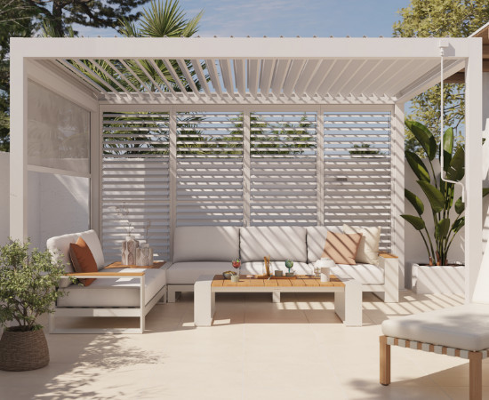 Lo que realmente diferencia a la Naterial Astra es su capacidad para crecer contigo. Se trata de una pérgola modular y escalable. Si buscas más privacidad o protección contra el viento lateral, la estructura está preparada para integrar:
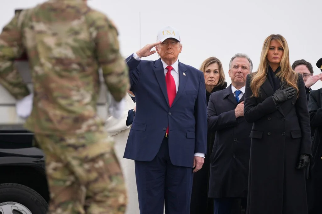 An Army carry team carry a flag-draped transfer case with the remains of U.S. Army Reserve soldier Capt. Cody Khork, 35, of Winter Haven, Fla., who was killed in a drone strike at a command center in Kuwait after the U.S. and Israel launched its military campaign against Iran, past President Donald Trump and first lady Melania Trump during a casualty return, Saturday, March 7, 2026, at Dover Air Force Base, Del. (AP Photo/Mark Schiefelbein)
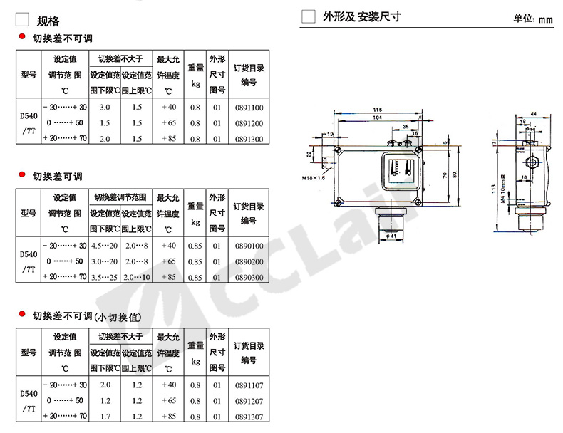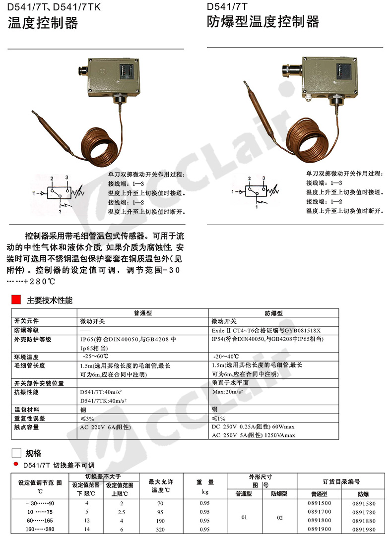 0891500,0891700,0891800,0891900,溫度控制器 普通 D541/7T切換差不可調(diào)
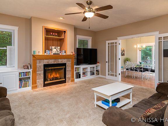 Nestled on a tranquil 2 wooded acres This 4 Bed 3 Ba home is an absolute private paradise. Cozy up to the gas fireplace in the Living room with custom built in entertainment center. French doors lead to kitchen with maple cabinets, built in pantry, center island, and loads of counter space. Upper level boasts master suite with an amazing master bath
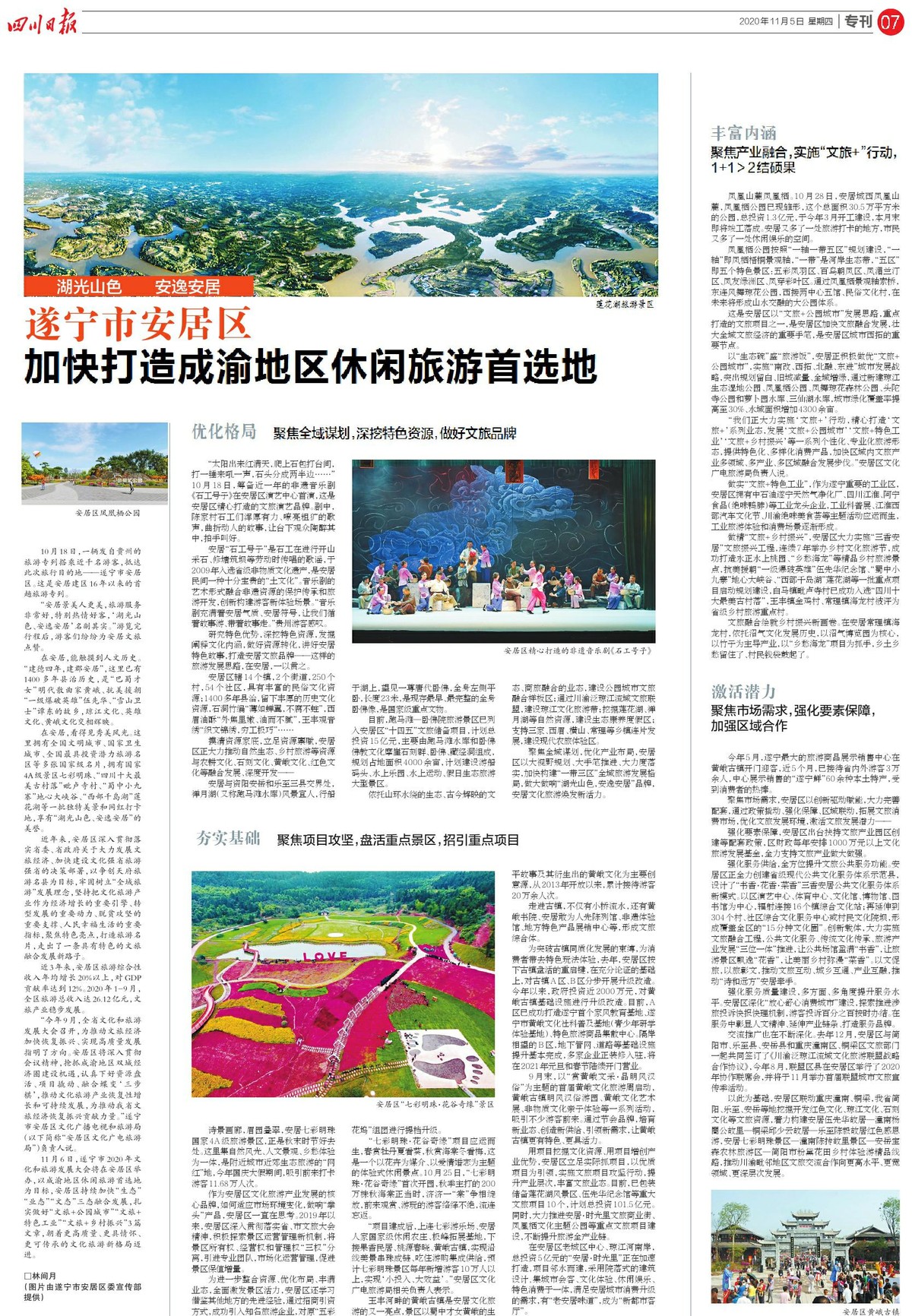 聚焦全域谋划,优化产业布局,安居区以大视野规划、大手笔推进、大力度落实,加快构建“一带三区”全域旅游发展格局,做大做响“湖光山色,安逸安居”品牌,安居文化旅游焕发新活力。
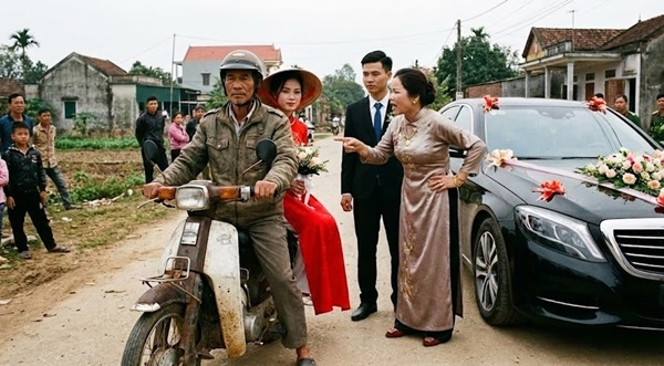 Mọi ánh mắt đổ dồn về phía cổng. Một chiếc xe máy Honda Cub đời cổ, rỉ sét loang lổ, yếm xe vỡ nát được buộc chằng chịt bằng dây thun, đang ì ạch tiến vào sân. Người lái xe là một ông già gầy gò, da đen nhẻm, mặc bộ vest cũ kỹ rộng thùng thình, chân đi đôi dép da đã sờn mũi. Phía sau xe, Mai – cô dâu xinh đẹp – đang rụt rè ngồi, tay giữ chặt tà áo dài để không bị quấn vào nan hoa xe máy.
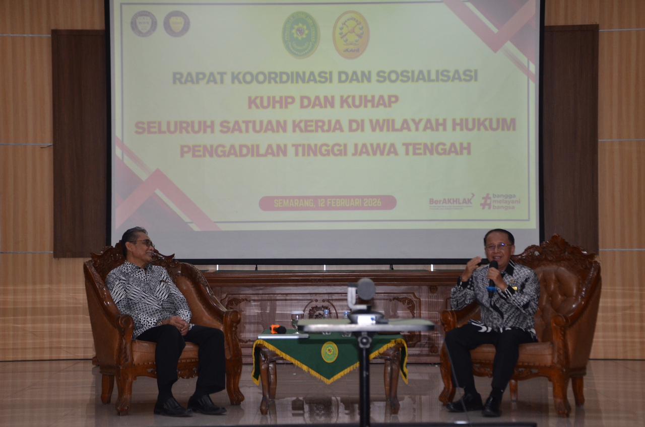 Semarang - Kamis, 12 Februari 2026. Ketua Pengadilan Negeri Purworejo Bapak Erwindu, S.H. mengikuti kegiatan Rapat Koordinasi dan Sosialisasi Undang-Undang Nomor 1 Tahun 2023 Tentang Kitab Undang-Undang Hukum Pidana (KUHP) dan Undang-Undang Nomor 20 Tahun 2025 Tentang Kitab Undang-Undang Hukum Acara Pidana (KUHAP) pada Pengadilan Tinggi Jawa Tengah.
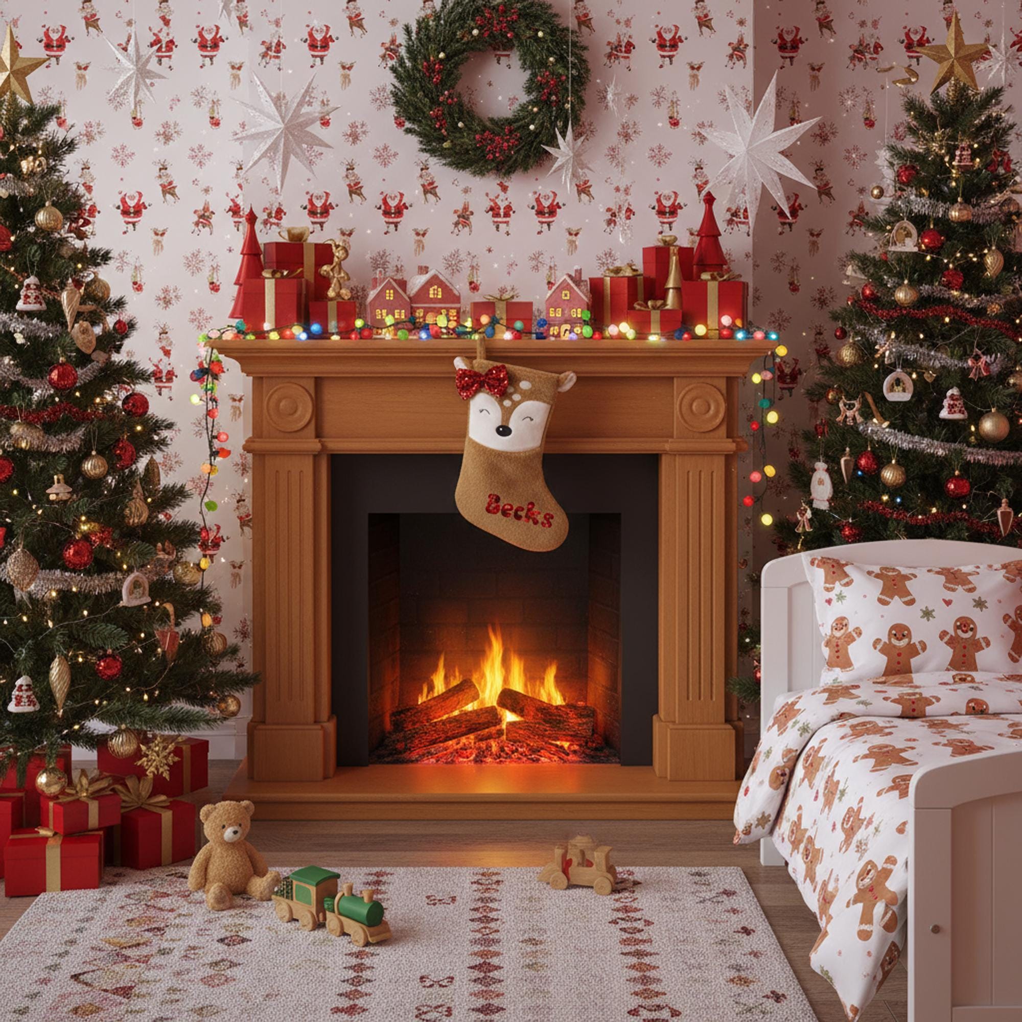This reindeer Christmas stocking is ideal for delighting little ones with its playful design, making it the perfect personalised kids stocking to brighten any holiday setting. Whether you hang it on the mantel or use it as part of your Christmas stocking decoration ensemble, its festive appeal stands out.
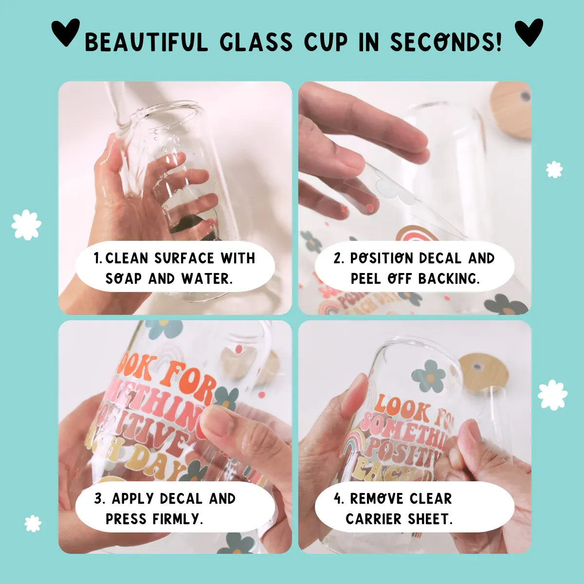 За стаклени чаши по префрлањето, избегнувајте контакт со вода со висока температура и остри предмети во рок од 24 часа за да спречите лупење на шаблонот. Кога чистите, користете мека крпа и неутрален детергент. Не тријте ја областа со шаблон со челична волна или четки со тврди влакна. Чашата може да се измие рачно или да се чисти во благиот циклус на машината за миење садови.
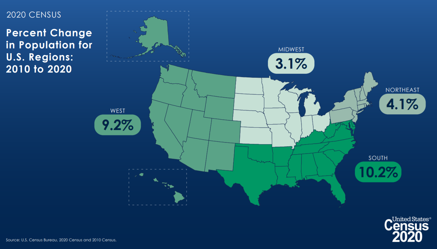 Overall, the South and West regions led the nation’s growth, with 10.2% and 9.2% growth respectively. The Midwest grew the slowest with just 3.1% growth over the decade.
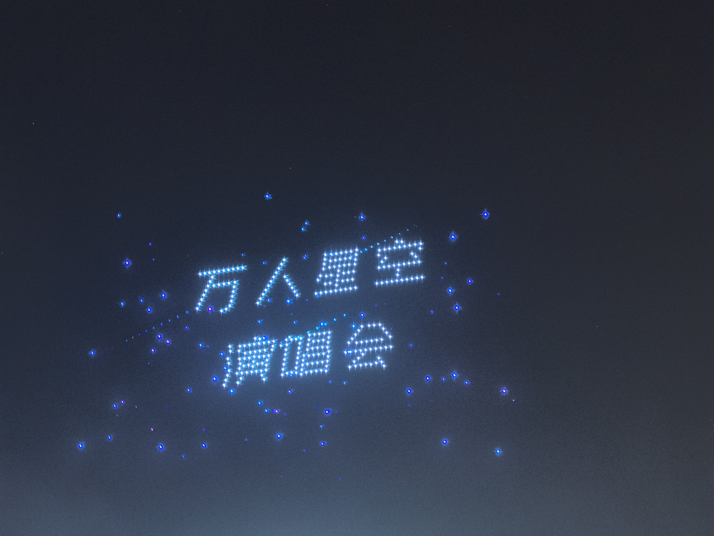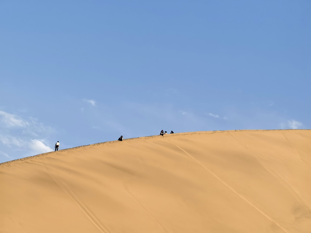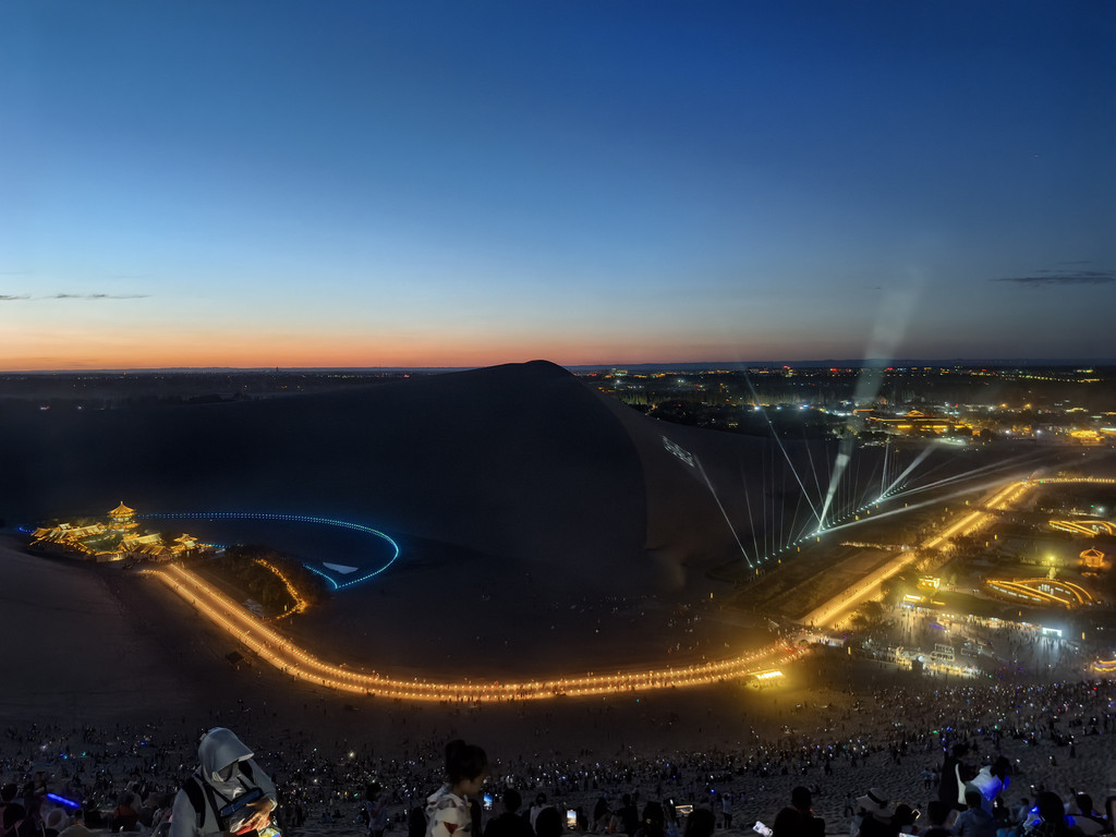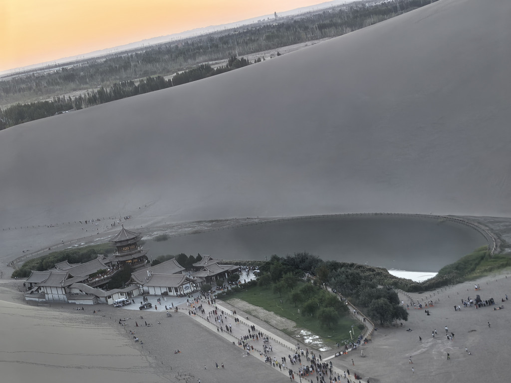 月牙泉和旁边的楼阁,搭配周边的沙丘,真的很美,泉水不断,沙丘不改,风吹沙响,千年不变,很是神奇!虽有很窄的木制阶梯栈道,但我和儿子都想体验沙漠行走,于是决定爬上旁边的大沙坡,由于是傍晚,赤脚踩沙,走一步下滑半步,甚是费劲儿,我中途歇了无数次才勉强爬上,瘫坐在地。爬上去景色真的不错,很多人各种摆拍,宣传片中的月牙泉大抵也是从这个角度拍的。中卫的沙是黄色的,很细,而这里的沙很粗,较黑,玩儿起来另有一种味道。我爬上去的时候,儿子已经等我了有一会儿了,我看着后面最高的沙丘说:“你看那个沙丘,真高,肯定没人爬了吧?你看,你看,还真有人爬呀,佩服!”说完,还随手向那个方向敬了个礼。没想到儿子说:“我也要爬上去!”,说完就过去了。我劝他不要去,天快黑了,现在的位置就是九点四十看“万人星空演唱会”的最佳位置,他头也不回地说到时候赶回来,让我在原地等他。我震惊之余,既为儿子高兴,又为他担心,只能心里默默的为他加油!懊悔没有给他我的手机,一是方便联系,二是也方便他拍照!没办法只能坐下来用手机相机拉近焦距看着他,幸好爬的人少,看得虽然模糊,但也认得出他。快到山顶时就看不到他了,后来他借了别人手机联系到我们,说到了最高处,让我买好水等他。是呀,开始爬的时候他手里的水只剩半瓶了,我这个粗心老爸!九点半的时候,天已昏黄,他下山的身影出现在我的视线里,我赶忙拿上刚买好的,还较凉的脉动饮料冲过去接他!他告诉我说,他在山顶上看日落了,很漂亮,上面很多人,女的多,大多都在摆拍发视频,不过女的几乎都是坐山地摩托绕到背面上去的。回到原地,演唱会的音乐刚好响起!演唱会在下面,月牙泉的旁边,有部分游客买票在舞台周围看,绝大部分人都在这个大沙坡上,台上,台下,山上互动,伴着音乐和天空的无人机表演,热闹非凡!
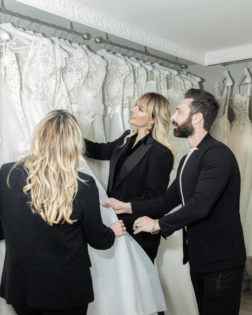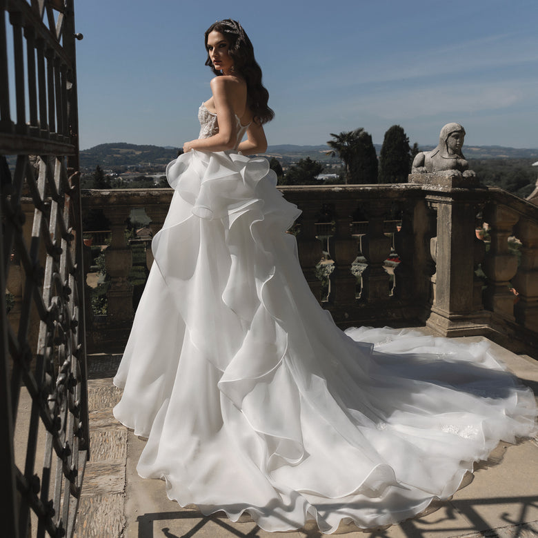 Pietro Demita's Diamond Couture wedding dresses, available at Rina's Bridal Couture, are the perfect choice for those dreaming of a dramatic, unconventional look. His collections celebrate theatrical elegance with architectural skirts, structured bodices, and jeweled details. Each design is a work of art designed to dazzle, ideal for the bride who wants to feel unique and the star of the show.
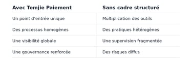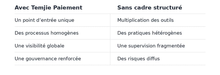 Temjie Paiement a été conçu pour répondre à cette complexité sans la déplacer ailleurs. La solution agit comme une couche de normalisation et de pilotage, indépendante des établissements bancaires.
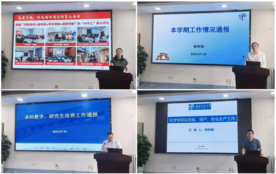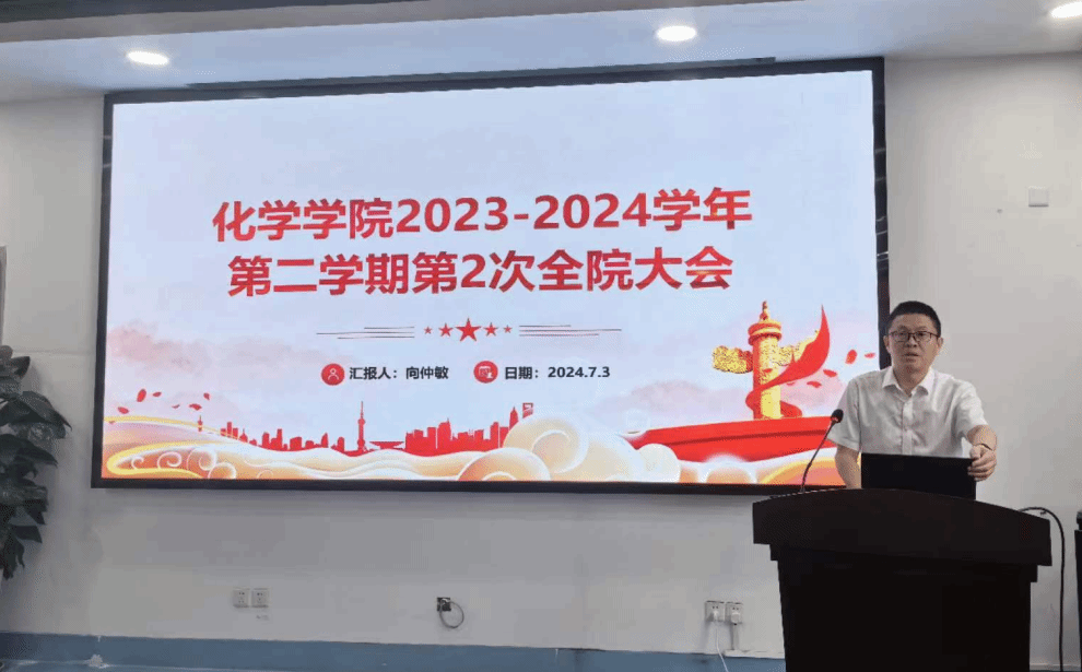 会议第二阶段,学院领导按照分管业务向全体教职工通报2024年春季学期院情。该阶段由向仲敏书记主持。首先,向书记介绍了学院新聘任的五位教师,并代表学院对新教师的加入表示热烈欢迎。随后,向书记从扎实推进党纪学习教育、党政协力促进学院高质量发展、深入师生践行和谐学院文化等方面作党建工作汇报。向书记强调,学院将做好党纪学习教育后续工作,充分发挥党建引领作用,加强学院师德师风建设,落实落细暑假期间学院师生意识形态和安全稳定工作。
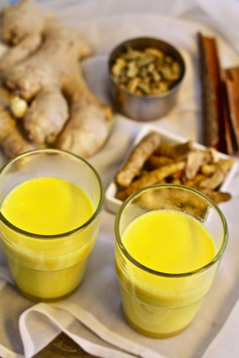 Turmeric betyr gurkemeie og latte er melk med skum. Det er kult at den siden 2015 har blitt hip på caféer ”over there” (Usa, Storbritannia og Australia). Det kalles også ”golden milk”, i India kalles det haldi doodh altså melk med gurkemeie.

·····

# ABOUT THIS TASK
All pictures are to be skipped; the lines from the first line of the records through the line containing "Semarang - Kamis, 12" are to be repeated exactly, both ends included.

# RESULT FOR THIS EXERCISE
 Lo que realmente diferencia a la Naterial Astra es su capacidad para crecer contigo. Se trata de una pérgola modular y escalable. Si buscas más privacidad o protección contra el viento lateral, la estructura está preparada para integrar:
 An Army carry team carry a flag-draped transfer case with the remains of U.S. Army Reserve soldier Capt. Cody Khork, 35, of Winter Haven, Fla., who was killed in a drone strike at a command center in Kuwait after the U.S. and Israel launched its military campaign against Iran, past President Donald Trump and first lady Melania Trump during a casualty return, Saturday, March 7, 2026, at Dover Air Force Base, Del. (AP Photo/Mark Schiefelbein)
 0891500,0891700,0891800,0891900,溫度控制器 普通 D541/7T切換差不可調(diào)
 Nestled on a tranquil 2 wooded acres This 4 Bed 3 Ba home is an absolute private paradise. Cozy up to the gas fireplace in the Living room with custom built in entertainment center. French doors lead to kitchen with maple cabinets, built in pantry, center island, and loads of counter space. Upper level boasts master suite with an amazing master bath
 聚焦全域谋划,优化产业布局,安居区以大视野规划、大手笔推进、大力度落实,加快构建“一带三区”全域旅游发展格局,做大做响“湖光山色,安逸安居”品牌,安居文化旅游焕发新活力。
 Mọi ánh mắt đổ dồn về phía cổng. Một chiếc xe máy Honda Cub đời cổ, rỉ sét loang lổ, yếm xe vỡ nát được buộc chằng chịt bằng dây thun, đang ì ạch tiến vào sân. Người lái xe là một ông già gầy gò, da đen nhẻm, mặc bộ vest cũ kỹ rộng thùng thình, chân đi đôi dép da đã sờn mũi. Phía sau xe, Mai – cô dâu xinh đẹp – đang rụt rè ngồi, tay giữ chặt tà áo dài để không bị quấn vào nan hoa xe máy.
 Semarang - Kamis, 12 Februari 2026. Ketua Pengadilan Negeri Purworejo Bapak Erwindu, S.H. mengikuti kegiatan Rapat Koordinasi dan Sosialisasi Undang-Undang Nomor 1 Tahun 2023 Tentang Kitab Undang-Undang Hukum Pidana (KUHP) dan Undang-Undang Nomor 20 Tahun 2025 Tentang Kitab Undang-Undang Hukum Acara Pidana (KUHAP) pada Pengadilan Tinggi Jawa Tengah.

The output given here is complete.